What this task involves:
Please output exactly the lines from the one that holds "來源:中國新聞周刊近日,部分" through the final line of the data, and nothing else; leave out any pictures.

Items listed in a dataset

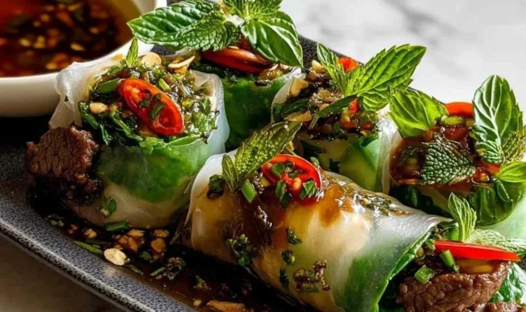 • Fresh Mango or Mango Sticky Rice: For a sweet finish, sliced fresh mango or traditional mango sticky rice brings cooling sweetness that beautifully complements the savory, slightly spicy beef rolls.
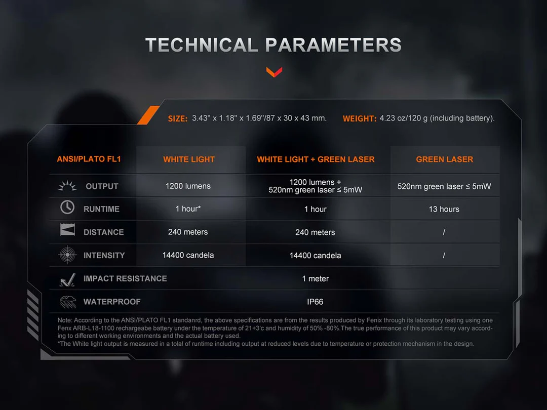 - Included a Fenix ARB-L18-1100 rechargeable battery.
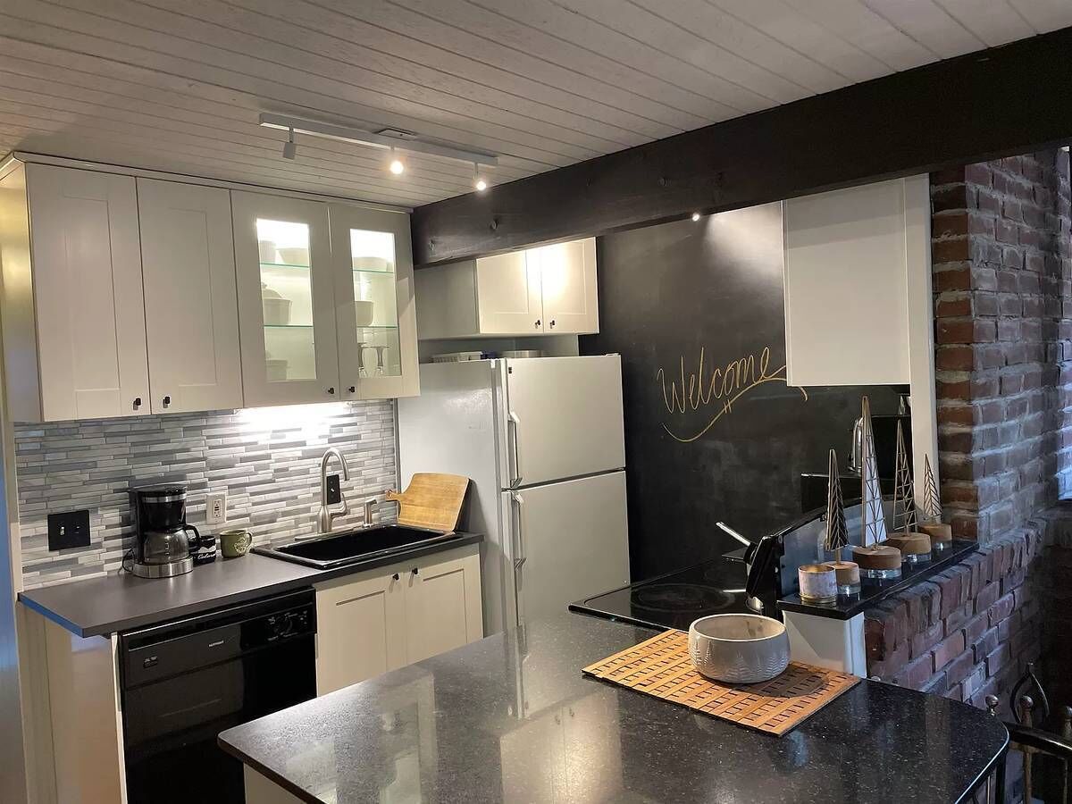 A fully renovated kitchen with all the amenities, including a dishwasher, brand new stove and range hood, coffee maker, Microwave, fridge, toaster .... and a waffle maker!
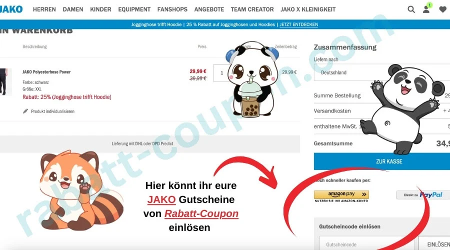 Einfach unserem Link folgen, den JAKO-Gutscheincode an der Kasse einlösen und kräftig sparen.
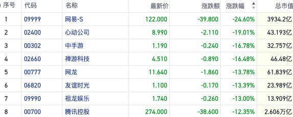 今日,港股市场上的关注度均被游戏股吸引,包括网易、腾讯在内,游戏股今日跌幅达两位数的个股就有 10 家左右。
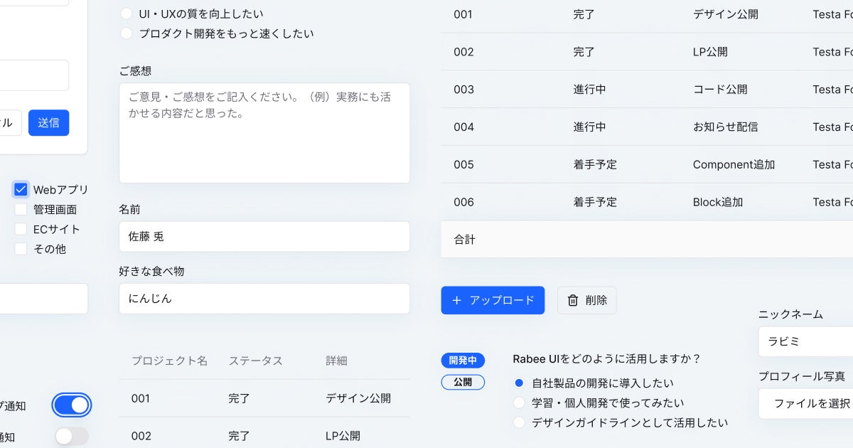 Rabee UIは、ただのUIコンポーネント集ではなく、デザインと実装の連携によってプロダクト開発を加速させるツールです。たとえば、管理画面やLPの制作など、品質の高いUIをスピーディーに開発したいシーンで大きな効果を発揮します。
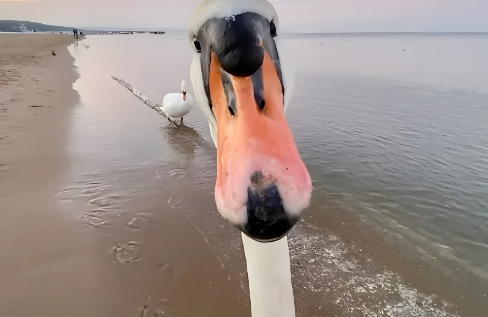 As Jaroslaw Kolacz strolled along the pristine shores of Poland Beach, he was met with a rather confident local resident: a swan with supermodel aspirations! “Work it, darling!” the swan seemed to say as it leaned into the lens, ensuring its best angles were captured.
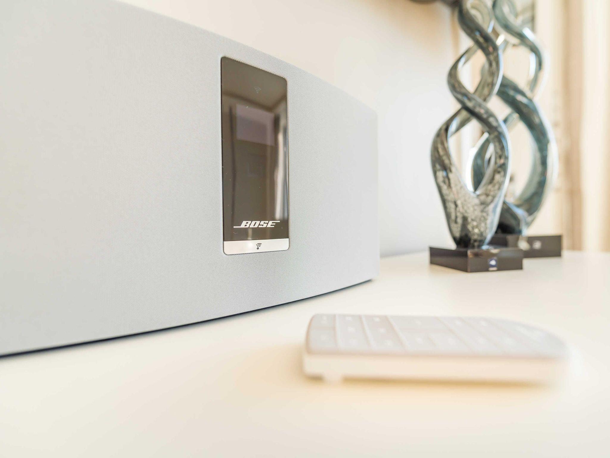 Im Wohnzimmer erwartet Sie eine Echtledercouch über Eck, ein moderner Glascouchtisch, Relaxsessel mit Fußhocker, eine elegante, dimmbare Bogenlampe sowie eine beleuchtete Anrichte und eine Vitrine, ein 48“TV an 180° Schwenkarm und ein Bose-Internetradio.
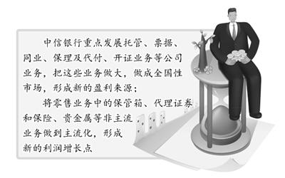 朱小黄举例,比如中信银行重点发展托管、票据、同业、保理及代付、开证业务等公司业务,把这些业务做大,做成全国性市场,形成新的盈利来源;以及将零售业务中的保管箱、代理证券和保险、贵金属等非主流业务,做到主流化,形成新的利润增长点。
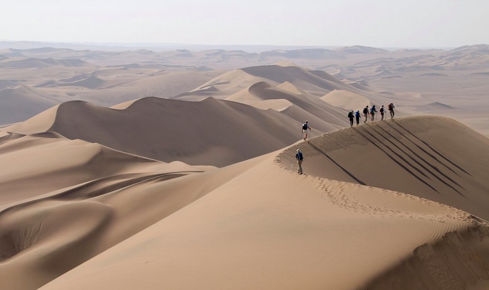 Traversing dunes, rock corridors, kaluts, meteorite fields and rocky terrain, such expeditions is essentially carried out by teams on foot, with support and water supply from 4WD vehicles.
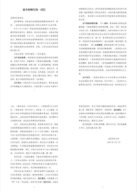來源:中國新聞周刊近日,部分沈陽師范大學學生發帖稱出現嘔吐、腹瀉及發熱等癥狀,引發關注。9月3日,沈陽師范大學發布的《致全校師生的一封信》以下簡稱“《一封信》”)中稱,8月31日14時許,學校在校醫院
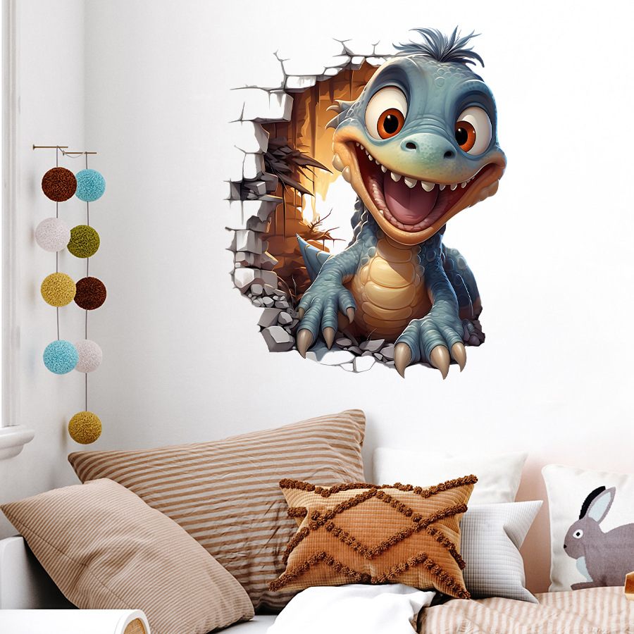만화 수채화 깨진 벽 귀여운 작은 공룡 자기 접착 벽 스티커 침실 연구 아기 방 장식 스티커 BR3302Q
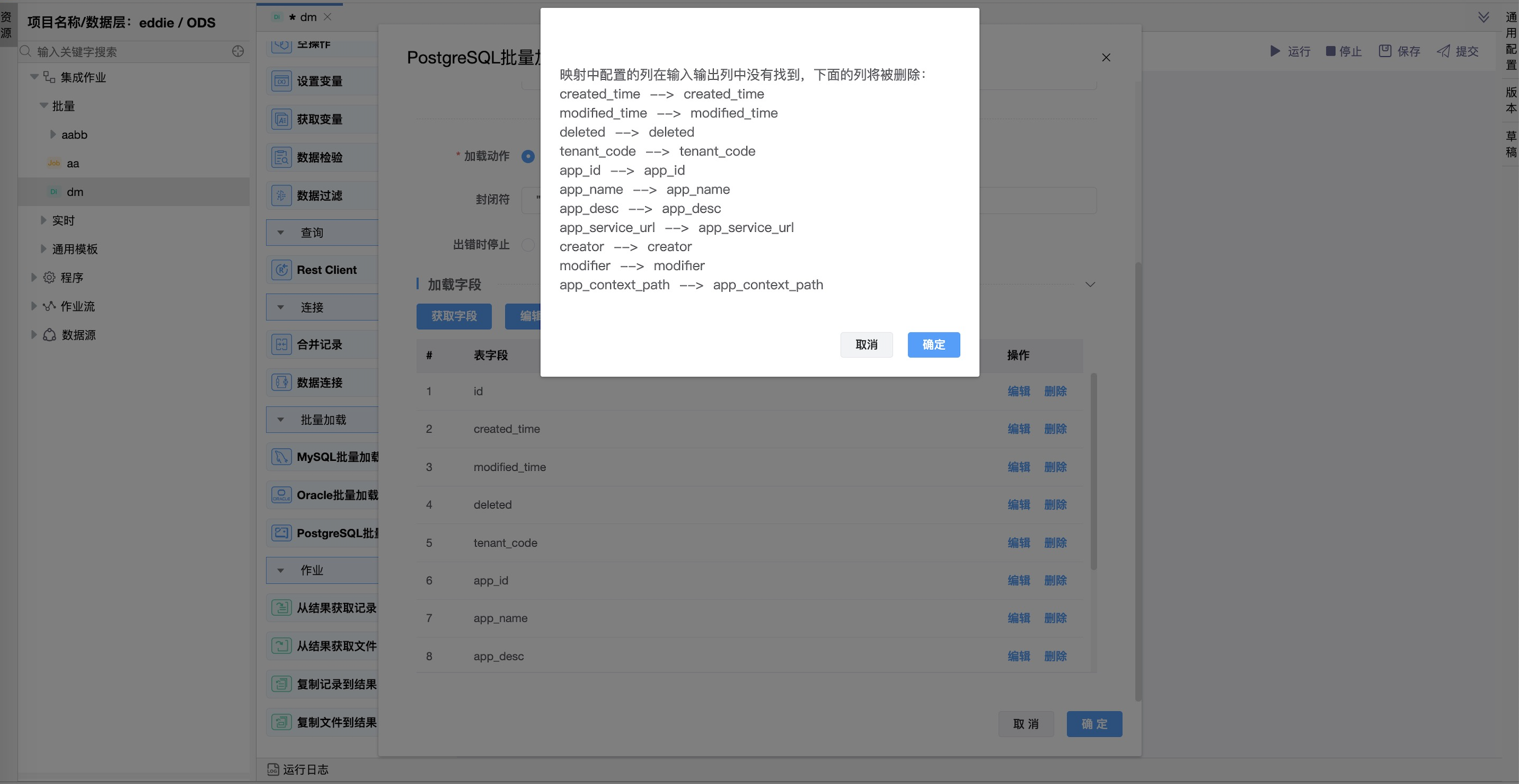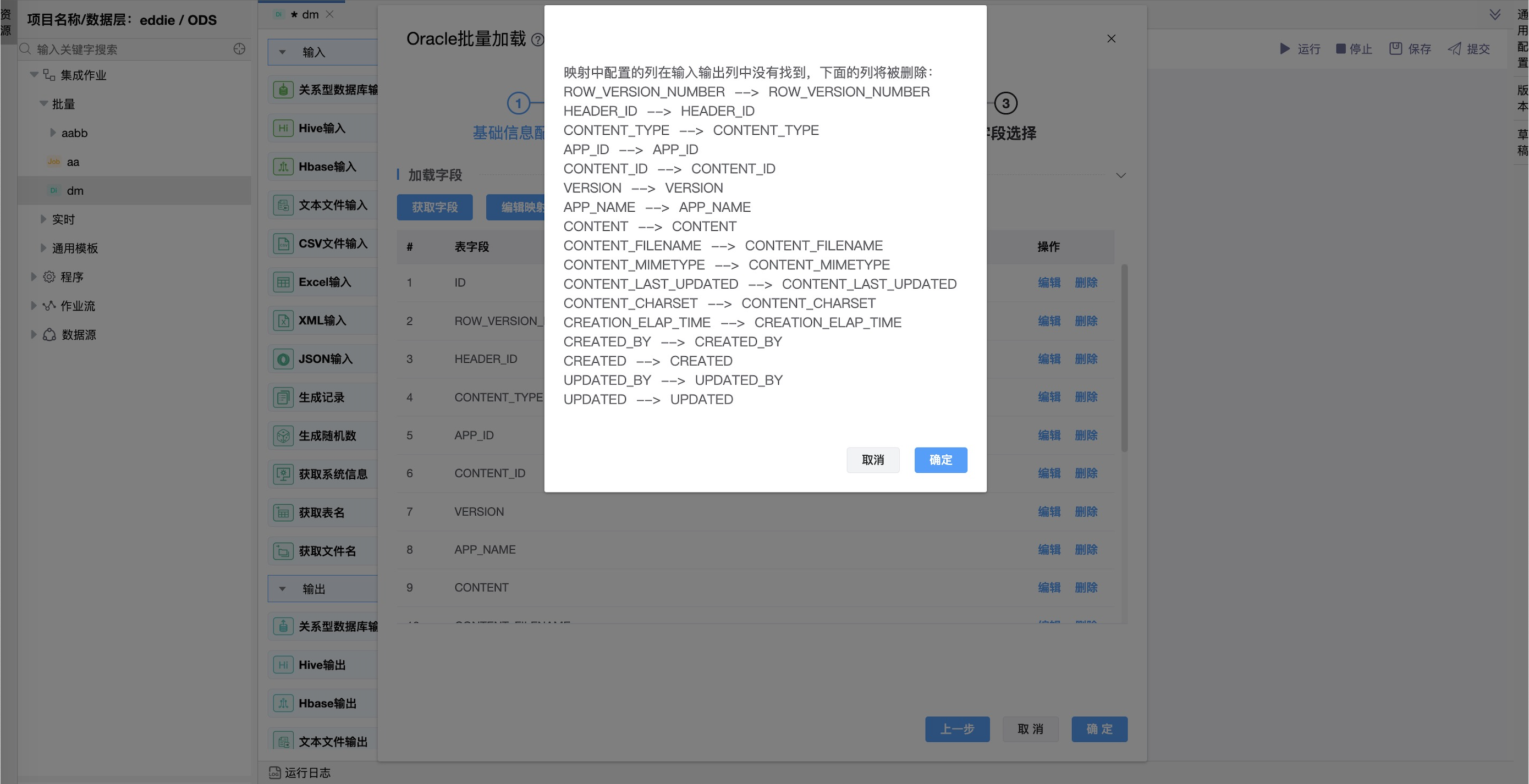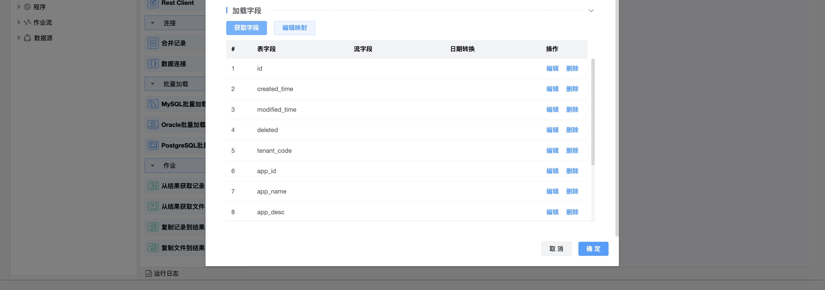 《基础信息配置》 《参数、文件配置》 《字段选择》 “获取字段” “编辑映射”(需连接输入节点)

Exercise solution:
來源:中國新聞周刊近日,部分沈陽師范大學學生發帖稱出現嘔吐、腹瀉及發熱等癥狀,引發關注。9月3日,沈陽師范大學發布的《致全校師生的一封信》以下簡稱“《一封信》”)中稱,8月31日14時許,學校在校醫院
만화 수채화 깨진 벽 귀여운 작은 공룡 자기 접착 벽 스티커 침실 연구 아기 방 장식 스티커 BR3302Q
 《基础信息配置》 《参数、文件配置》 《字段选择》 “获取字段” “编辑映射”(需连接输入节点)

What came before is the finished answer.